Just as many of my friends are wondering how to take their first steps into the investing journey, my advice is always to start small but start NOW! The best time to start was yesterday, the next best is to start NOW! Don't regret to start late like me in my 30s!

6) The destination is as important as the journey
When my son and I finally reached our destination (Punggol Coast Hawker Centre), it was especially sweet for us since it was the first time we CYCLED here and reached our destination through our own hard work (previously we usually came by MRT or car).
Investing is a lifelong journey, it can sometimes get demoralising to see our portfolio go from Green Green to Bright Red due to whatever reasons (E.g Iran crisis, Covid-19 pandemic, Liberation Day tariffs, Asian Financial Crisis), but so long as we persevere, we will prevail!
Just look at where the market is now? Not to mention the dividends earned along the way! Mind you, it will take years and decades for us to work on our financial journey and build up our portfolio but it WILL bear fruits for us in the long run!

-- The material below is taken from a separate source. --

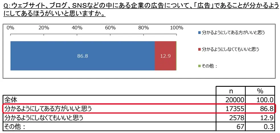 アフィリエイト広告の問題点として、消費者がアフィリエイト広告かどうか見た目で判別できない点も懸念されています。一部のアフィリエイト広告では、リンク先で商品購入などをすると代金の一部が報酬として支払われることが明示されていることもありますが、一般的ではありません。なお消費者庁が行った実態調査の結果によると、広告だと明示してあるほうがいいと思う消費者は以下のとおり86.8%にのぼりました。

As mentioned in my Labour Day post (Happy Labour Day! Selling your hours for money vs Making your money labour for U? What's your choice?) - "If you don't try to make your money work HARDER for you, then you will HAVE TO work harder for the money until you die!"

7) Rewarding ourselves - taking some profits off the table.

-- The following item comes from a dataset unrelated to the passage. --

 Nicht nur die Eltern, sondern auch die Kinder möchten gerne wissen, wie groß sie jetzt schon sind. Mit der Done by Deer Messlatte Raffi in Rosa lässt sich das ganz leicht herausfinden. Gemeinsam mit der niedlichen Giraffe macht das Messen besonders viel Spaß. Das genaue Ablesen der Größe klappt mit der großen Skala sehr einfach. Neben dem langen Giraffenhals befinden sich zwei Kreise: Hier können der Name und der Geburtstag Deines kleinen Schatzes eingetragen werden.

Time to reward ourselves with a sumptuous breakfast after the sweaty and long ride! This was also to rest and refuel us for the return leg back home!
Do not be afraid to reward ourselves along the way or to take some profits off the table, be it to pamper ourselves with dividends collected over the years or give ourselves a treat from a tidy capital gains.

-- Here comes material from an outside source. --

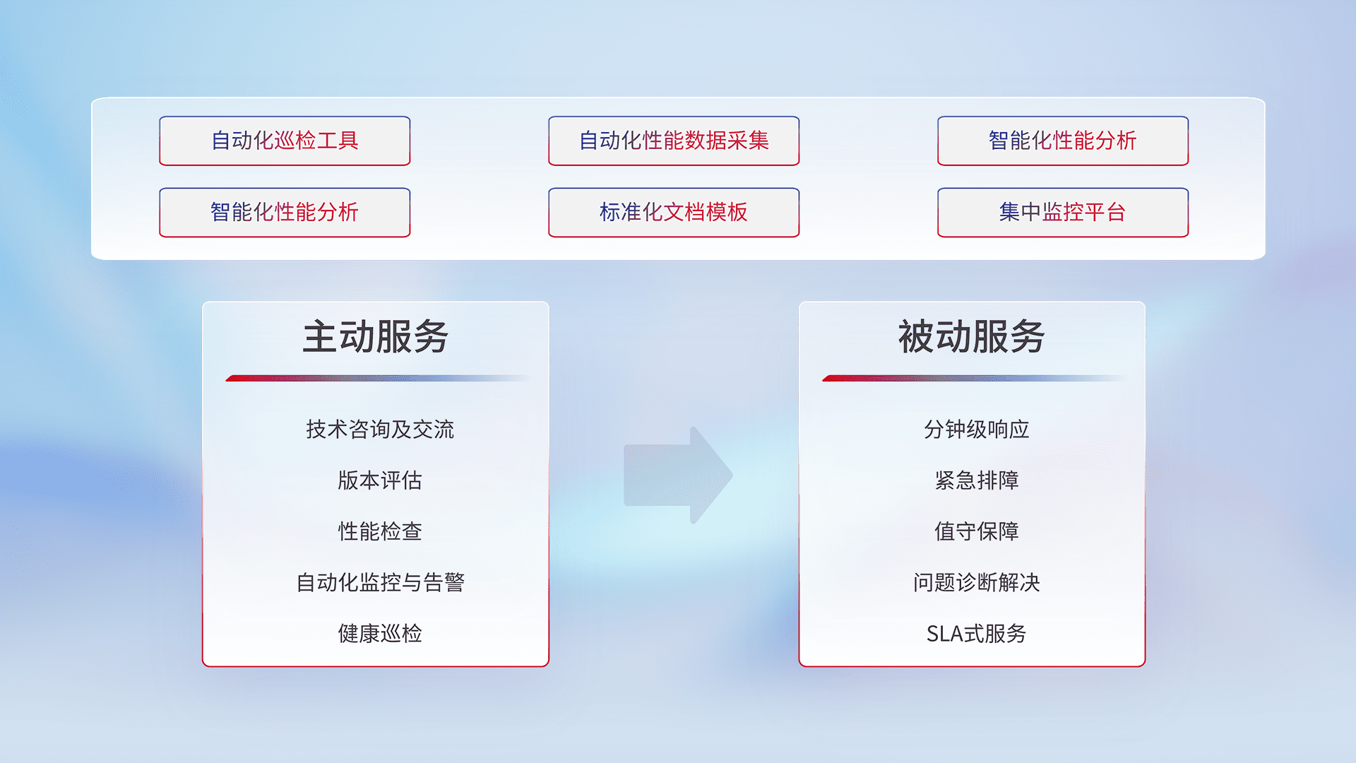 智能化工具和标准化文档,,,保障服务质量,,提供主动服务(包含技术咨询、、、、版本评估、、性能检查、、自动化监控与告警、、、、健康巡检)和被动服务包含(分钟级响应、、紧急排障、、、值守保障、、、、问题诊断解决、、、、SLA服务)。。

Recently 1 of my friend - I.T asked me what she should do with her Singtel shares when she realised it had hit >$5 (she bought at $2.60+ years ago), as she was worried whether the price may drop. I shared with her my thought (NOT allowed to advise) - Ask herself if the current dividend yield at her buy price meets her investing thesis or target yield. If yes, and she doesn't need the money or have nowhere else to deploy, then can consider leaving it. But if she wants to take some profit now, then can always consider selling partial to collect some "dividends" upfront years in advance and to avoid the FOMO of losing out on the gains if she thinks the price may drop.
Remember - We don't have to aim to be the biggest winner or make the most amount of monies in our investing journey, but we need to have resources, stamina and determination to complete the journey.
My MoneyandHealth's words of wisdom:
[Financial literacy and investing is a lifelong journey... By penning my thoughts above in real life experience, I hope to raise the financial mindfulness and personal finance knowledge that can be accumulated and compound to be transformative in our financial journey!
You may be a financial savvy expert who already know most of the pointers mentioned above, or you could be a money noob who could benefit from incorporating several of the above factors into your life. No matter what, I hope you have absorbed some nuggets of wisdom or at least gave you some food for thought as you embark on your own financial journey😁]
To your money and health,
Mr MoneyandHealth (Mr MH) 🥰
Disclaimer: The author is NOT endorsed by any companies mentioned above to write this post. The author may have been, is still vested, will be investing into several of the companies mentioned above. The above article is purely the author expressing his layman views and babbling nonsense, please forgive if it doesn't make sense. The above article is NOT financial advice, and NOT a recommendation to buy or sell any stocks or REITs. Pls do your own due diligence and/or consult a qualified financial advisor before making any moves or taking any actions. Pls note that past performance or track records is not an indicator or guarantee of future performance or potential.